High sub-bandgap response and fast switching enabled by thermal quenching in carbon-doped semi-insulating GaN

TL;DR

This study demonstrates that carbon-doped GaN exhibits high sub-bandgap optical response and rapid switching due to thermal quenching effects, with potential applications in optical switching technologies.

Contribution

It provides new insights into the thermal quenching mechanism and switching kinetics of carbon-doped GaN under sub-bandgap illumination, highlighting its fast switching capabilities.

Findings

Achieved ON/OFF ratio exceeding 10^7 under low-irradiance 405-nm light.

Photocurrent decay is thermally quenched above ~300 K due to hole-emission-assisted recombination.
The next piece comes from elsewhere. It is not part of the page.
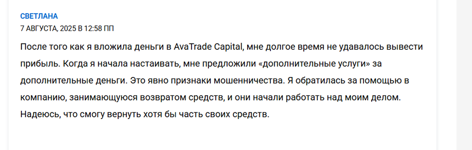В августе появились отзывы о Avatrade Capital Com. Все они негативные. Клиенты жалуются на брокера. Люди столкнулись с проблемой вывода денежных средств. Все запросы игнорировались, поэтому биржу уже начали относить к мошенническим.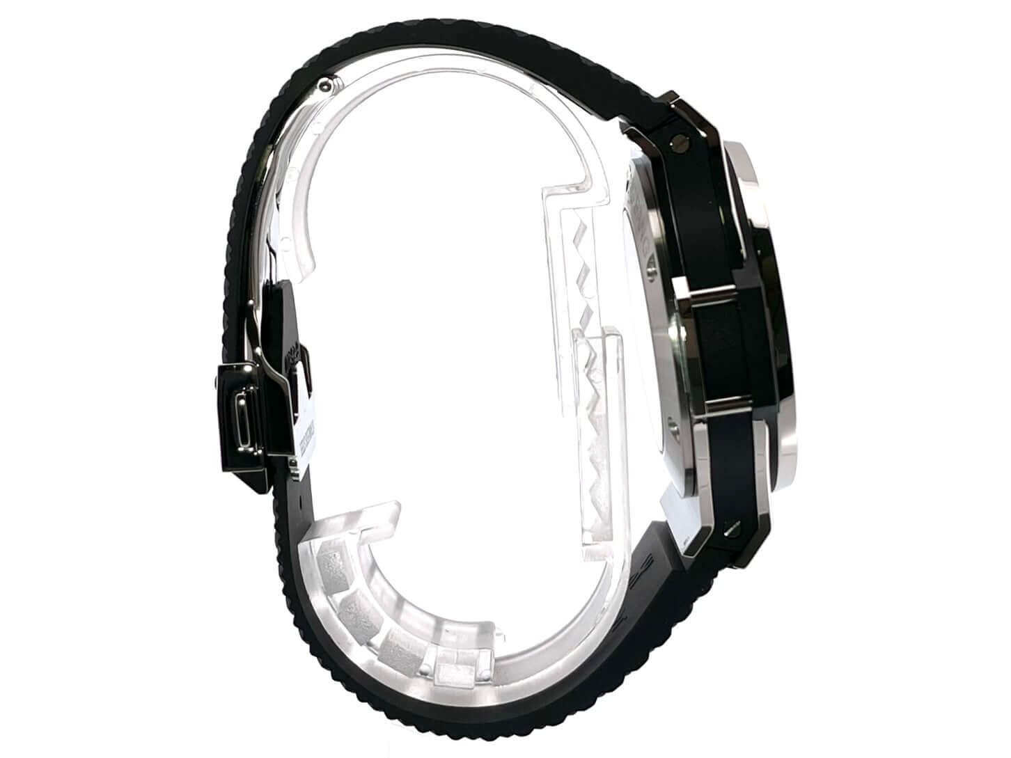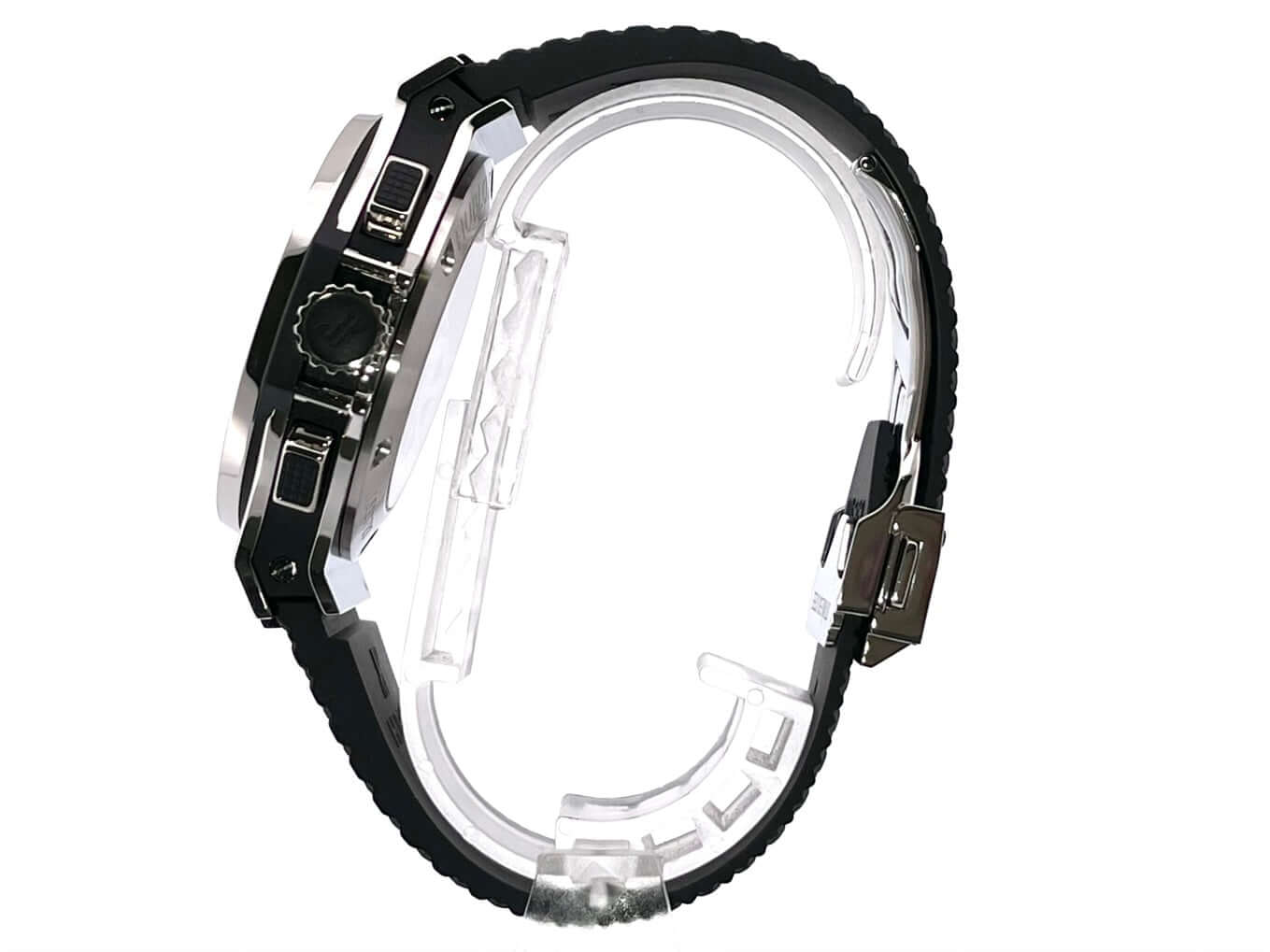Gehäuse Edelstahl, Gehäusedurchmesser 44 mm, Gehäusehöhe 14,50 mm, Edelstahl Lünette satiniert, schwarzes Zifferblatt mit Arabischen Zahlen und Leuchtindexen, schwarzes Kautschuk Armband mit Faltschließe, Automatikwerk, Manufakturkaliber HUB4100 mit 27 Steine, Schwingung 28.800 A/h, Gangreserve für ca. 42 Stunden, Datumsanzeige, Saphirglas entspiegelt, Saphirglasboden verschraubt, Wasserdicht bis 10 bar.

Thermal quenching accelerates photocurrent decay by up to five times, enabling faster switching.

Abstract

Carbon-doped GaN is a promising material for sub-bandgap triggered optical switches. When incorporated in GaN, carbon introduces deep compensating centers that enable defect-mediated extrinsic photoconductivity. Here, we investigate the optical responsivity and switching kinetics of semi-insulating carbon-doped GaN actuated by sub-bandgap blue illumination. A high ON/OFF ratio exceeding $\mathrm{10^7}$ is achieved under low-irradiance 405-nm excitation. Temperature-dependent transient measurements reveal that the photocurrent decay is thermally quenched above a crossover temperature of ~300 K. This behavior is attributed to hole-emission-assisted recombination. The extracted activation energies vary across samples; a commonly observed value of ~0.83 eV is attributed to the $\mathrm{C_N}$ defect. Notably, when heating above the crossover temperature, thermal quenching accelerates the photocurrent decay by up to a factor of five, enabling significantly faster switching.